Software-defined, hyper converged and cloud storage are the fast becoming the widely accepted norms of the IT space and according to Data Core, while hyper converged is making inroads, organizations are struggling while software-defined storage is seeing a greater number of use cases.

Although Data Core's primary business line is through software-defined the study conducted by them polled 400 IT professionals who were using or evaluating software-defined storage, hyper converged and cloud storage, and found plenty of interesting statistics to consider.

While 60% felt that automating frequent or complex storage operations was a key business driver for implementing these storage technologies overall, 56% voted for simple storage management and another 56% pitched in for extended life of existing storage assets.

Performance was the key driver for hyper converged, whereas automation and reduced complexity was for software-defined storage. Public cloud, failed in terms of delivering higher performance, in turn falling out of the considered choices.

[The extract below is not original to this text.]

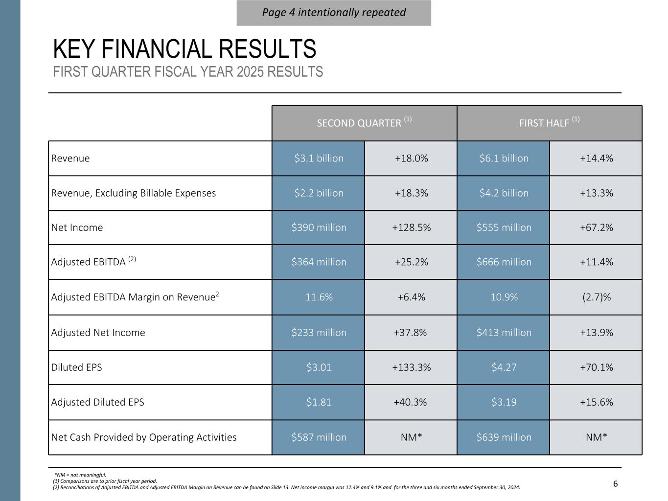6 KEY FINANCIAL RESULTS FIRST QUARTER FISCAL YEAR 2025 RESULTS SECOND QUARTER (1) FIRST HALF (1) Revenue $3.1 billion +18.0% $6.1 billion +14.4% Revenue, Excluding Billable Expenses $2.2 billion +18.3% $4.2 billion +13.3% Net Income $390 million +128.5% $555 million +67.2% Adjusted EBITDA (2) $364 million +25.2% $666 million +11.4% Adjusted EBITDA Margin on Revenue2 11.6% +6.4% 10.9% (2.7)% Adjusted Net Income $233 million +37.8% $413 million +13.9% Diluted EPS $3.01 +133.3% $4.27 +70.1% Adjusted Diluted EPS $1.81 +40.3% $3.19 +15.6% Net Cash Provided by Operating Activities $587 million NM* $639 million NM* Page 4 intentionally repeated *NM = not meaningful. (1) Comparisons are to prior fiscal year period. (2) Reconciliations of Adjusted EBITDA and Adjusted EBITDA Margin on Revenue can be found on Slide 13. Net income margin was 12.4% and 9.1% and for the three and six months ended September 30, 2024.

Business continuity and data protection were the primary capabilities expected from storage infrastructure by 74% of those polled.

hyper converged and software-defined storage diagram
hyper converged and software-defined storage diagram

37% participants had standardized on software-defined storage than other technologies. All-flash array was the next most popular having 29% of the votes much ahead of HCI which bagged 21%, hybrid getting 18%, public with 17% and containers receiving the least number of votes by 10%. All-flash however got plenty of votes when it came to future deployment – one in three respondents said they were strongly considering it but had yet to deploy. 42% of those polled said they had no interest in public clouds and containers respectively due to lack of sufficient storage tools or data management services, a slowdown in application response time and a lack of persistent storage for key applications.

Software-defined storage was considered a useful tool with regards to vendor lock-in within storage by 42% of those polled. With hyper-converged, the key concerns were lack of integration, lack of scale and price – the study recommends what it calls ‘hybrid-converged’ technology, which amounts to being able to deploy various storage options from a unified management plane.